## PROBLEM DESCRIPTION
Every line below from the one with "Женщины в Екатеринбурге" through the one with "12/13(土)よりガラポン" is to be repeated exactly, with no picture among them.

## RECORDS FOR THE TASK

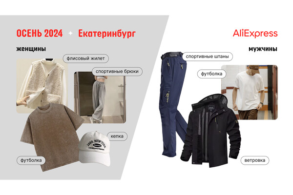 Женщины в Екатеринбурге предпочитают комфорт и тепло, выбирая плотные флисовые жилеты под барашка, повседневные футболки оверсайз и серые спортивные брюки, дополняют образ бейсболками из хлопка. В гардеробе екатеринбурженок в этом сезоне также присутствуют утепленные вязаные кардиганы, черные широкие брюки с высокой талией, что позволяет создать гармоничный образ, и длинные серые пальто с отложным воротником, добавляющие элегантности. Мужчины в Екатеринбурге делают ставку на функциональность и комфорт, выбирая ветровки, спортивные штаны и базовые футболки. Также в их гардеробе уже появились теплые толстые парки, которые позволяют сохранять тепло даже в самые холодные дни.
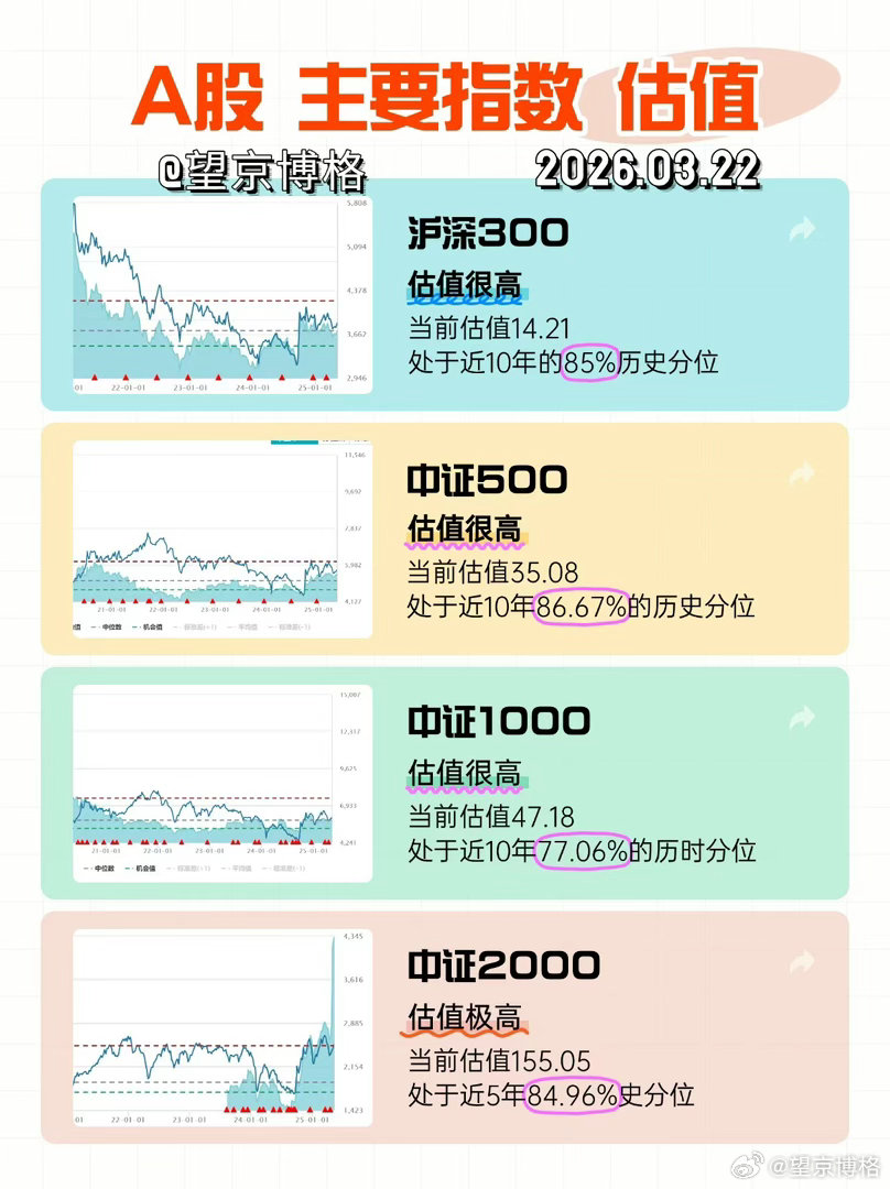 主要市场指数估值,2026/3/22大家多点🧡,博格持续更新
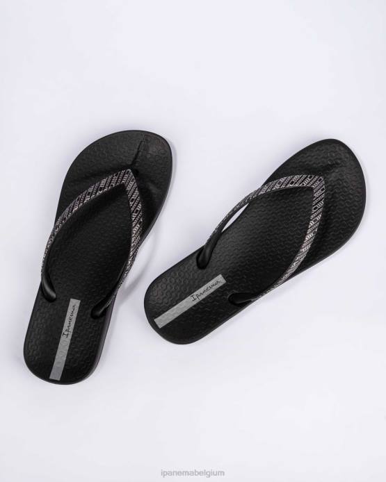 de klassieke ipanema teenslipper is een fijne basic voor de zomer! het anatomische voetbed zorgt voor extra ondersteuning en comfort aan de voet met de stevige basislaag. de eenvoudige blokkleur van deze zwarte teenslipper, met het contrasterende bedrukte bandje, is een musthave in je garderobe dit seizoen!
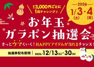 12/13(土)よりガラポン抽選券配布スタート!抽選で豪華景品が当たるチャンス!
--
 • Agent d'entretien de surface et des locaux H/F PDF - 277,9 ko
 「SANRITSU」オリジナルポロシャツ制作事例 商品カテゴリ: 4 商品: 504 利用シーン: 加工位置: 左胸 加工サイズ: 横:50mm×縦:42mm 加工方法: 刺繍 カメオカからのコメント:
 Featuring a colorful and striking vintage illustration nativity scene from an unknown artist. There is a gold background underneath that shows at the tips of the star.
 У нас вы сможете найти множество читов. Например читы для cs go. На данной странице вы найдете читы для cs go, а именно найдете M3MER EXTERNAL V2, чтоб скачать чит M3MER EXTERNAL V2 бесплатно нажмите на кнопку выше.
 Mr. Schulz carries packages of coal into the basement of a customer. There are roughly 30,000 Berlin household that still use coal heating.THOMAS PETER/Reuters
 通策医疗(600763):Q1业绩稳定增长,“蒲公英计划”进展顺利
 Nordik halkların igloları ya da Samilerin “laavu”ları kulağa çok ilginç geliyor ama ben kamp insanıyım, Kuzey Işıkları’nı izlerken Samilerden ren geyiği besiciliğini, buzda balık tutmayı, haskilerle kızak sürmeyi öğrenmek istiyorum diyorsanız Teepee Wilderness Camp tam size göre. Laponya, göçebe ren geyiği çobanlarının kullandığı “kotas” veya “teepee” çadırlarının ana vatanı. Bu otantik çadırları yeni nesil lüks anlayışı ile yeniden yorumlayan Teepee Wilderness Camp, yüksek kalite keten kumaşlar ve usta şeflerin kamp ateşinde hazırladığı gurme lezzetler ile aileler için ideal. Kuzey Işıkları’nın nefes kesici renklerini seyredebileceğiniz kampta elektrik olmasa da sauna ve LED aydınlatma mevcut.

## EXERCISE OUTPUT
 Женщины в Екатеринбурге предпочитают комфорт и тепло, выбирая плотные флисовые жилеты под барашка, повседневные футболки оверсайз и серые спортивные брюки, дополняют образ бейсболками из хлопка. В гардеробе екатеринбурженок в этом сезоне также присутствуют утепленные вязаные кардиганы, черные широкие брюки с высокой талией, что позволяет создать гармоничный образ, и длинные серые пальто с отложным воротником, добавляющие элегантности. Мужчины в Екатеринбурге делают ставку на функциональность и комфорт, выбирая ветровки, спортивные штаны и базовые футболки. Также в их гардеробе уже появились теплые толстые парки, которые позволяют сохранять тепло даже в самые холодные дни.
 主要市场指数估值,2026/3/22大家多点🧡,博格持续更新
 de klassieke ipanema teenslipper is een fijne basic voor de zomer! het anatomische voetbed zorgt voor extra ondersteuning en comfort aan de voet met de stevige basislaag. de eenvoudige blokkleur van deze zwarte teenslipper, met het contrasterende bedrukte bandje, is een musthave in je garderobe dit seizoen!
 12/13(土)よりガラポン抽選券配布スタート!抽選で豪華景品が当たるチャンス!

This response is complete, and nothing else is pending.